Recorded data
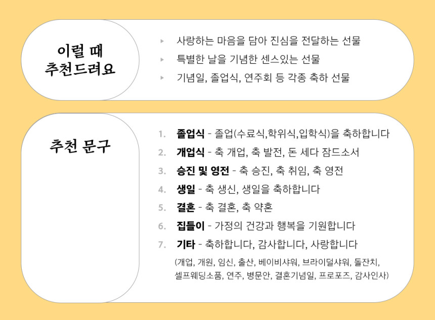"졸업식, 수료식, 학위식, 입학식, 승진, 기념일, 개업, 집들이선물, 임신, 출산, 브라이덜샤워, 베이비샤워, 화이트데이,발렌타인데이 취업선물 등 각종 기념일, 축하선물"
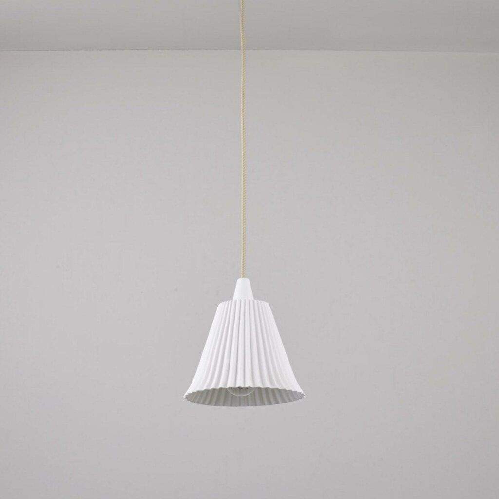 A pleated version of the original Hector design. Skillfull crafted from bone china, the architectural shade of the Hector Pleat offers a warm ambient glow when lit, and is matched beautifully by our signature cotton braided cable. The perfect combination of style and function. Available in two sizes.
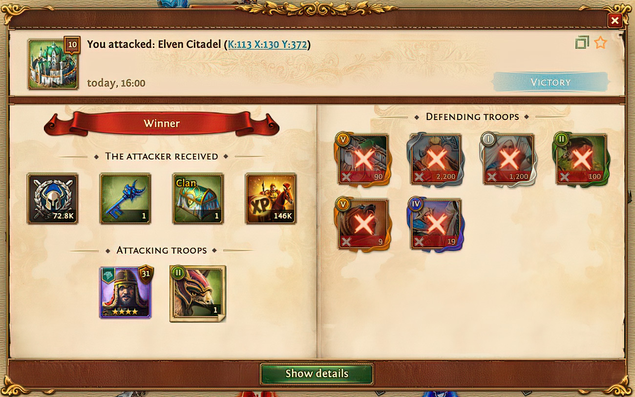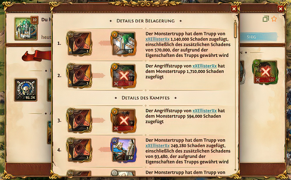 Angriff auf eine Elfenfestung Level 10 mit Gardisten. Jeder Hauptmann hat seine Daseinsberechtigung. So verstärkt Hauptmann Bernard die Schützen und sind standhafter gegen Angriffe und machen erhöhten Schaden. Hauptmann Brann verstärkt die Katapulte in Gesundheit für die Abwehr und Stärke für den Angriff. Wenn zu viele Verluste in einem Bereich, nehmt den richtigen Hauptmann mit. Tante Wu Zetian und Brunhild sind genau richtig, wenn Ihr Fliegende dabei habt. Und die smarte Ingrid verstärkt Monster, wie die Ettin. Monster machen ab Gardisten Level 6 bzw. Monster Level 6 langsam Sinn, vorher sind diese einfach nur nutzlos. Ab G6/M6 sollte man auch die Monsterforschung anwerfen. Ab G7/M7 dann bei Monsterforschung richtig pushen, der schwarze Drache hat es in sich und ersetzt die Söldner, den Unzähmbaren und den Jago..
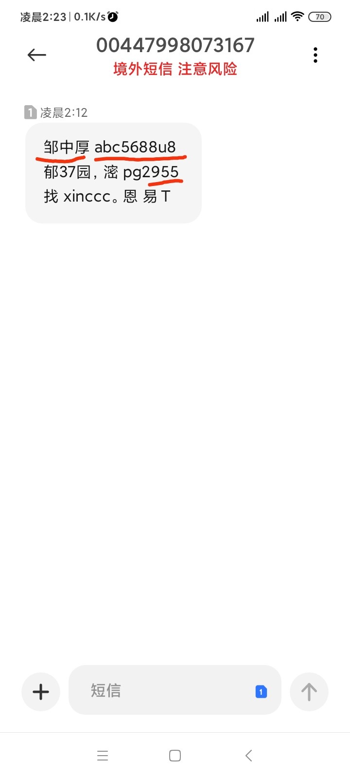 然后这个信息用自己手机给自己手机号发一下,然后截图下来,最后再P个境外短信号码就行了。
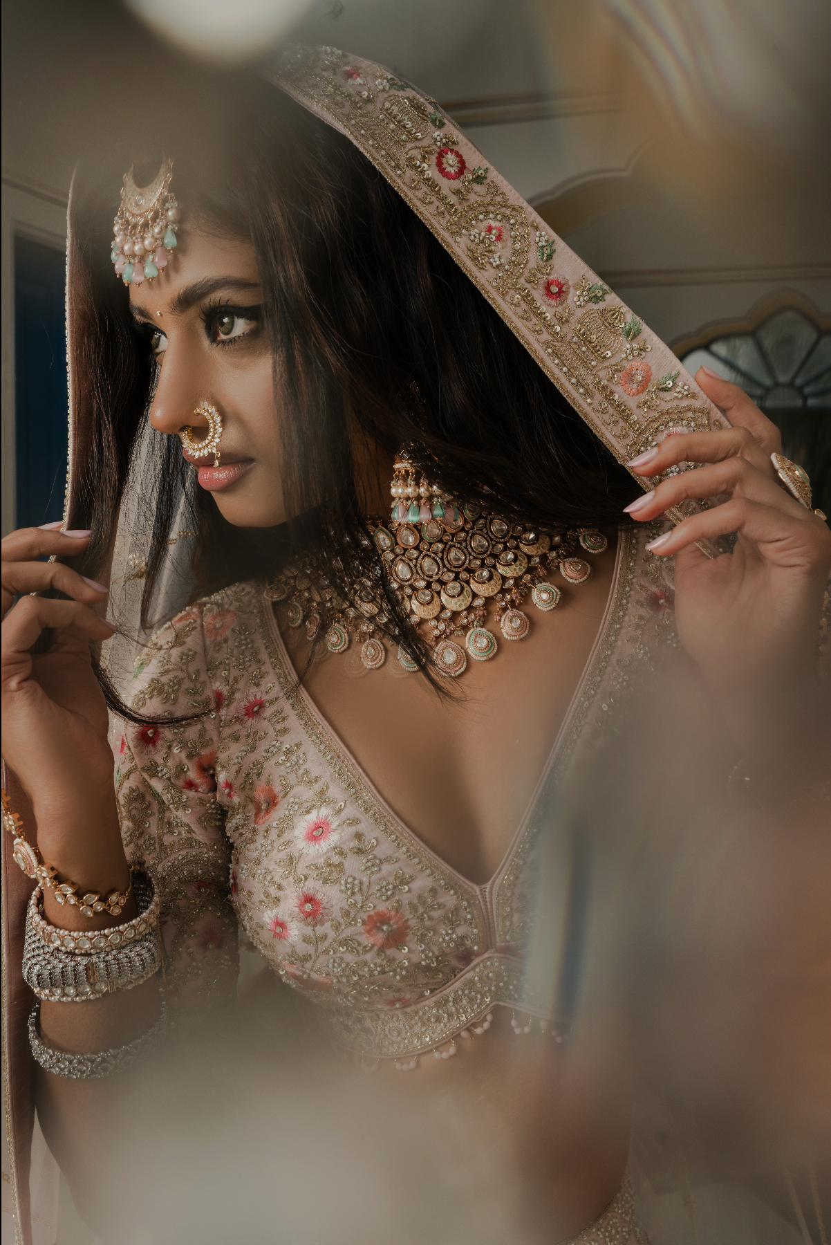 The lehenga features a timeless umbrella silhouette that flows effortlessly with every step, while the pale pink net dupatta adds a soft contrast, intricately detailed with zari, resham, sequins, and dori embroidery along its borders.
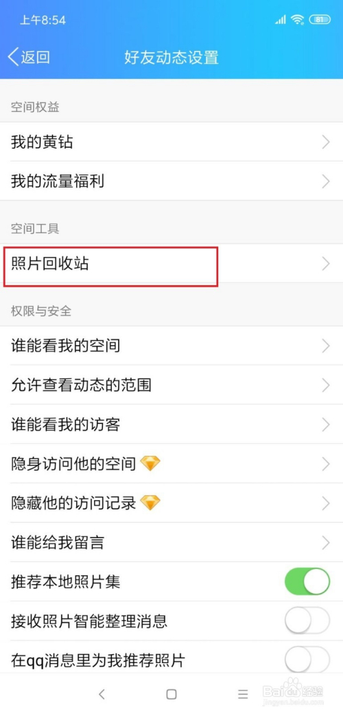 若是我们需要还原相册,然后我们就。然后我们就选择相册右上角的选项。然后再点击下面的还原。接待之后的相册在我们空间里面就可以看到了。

## DESCRIPTION OF THE TASK
From the line with "The lehenga features" to the final line of the records, inclusive, set down the lines exactly and add nothing; leave every picture out.

## RESPONSE
 The lehenga features a timeless umbrella silhouette that flows effortlessly with every step, while the pale pink net dupatta adds a soft contrast, intricately detailed with zari, resham, sequins, and dori embroidery along its borders.
 若是我们需要还原相册,然后我们就。然后我们就选择相册右上角的选项。然后再点击下面的还原。接待之后的相册在我们空间里面就可以看到了。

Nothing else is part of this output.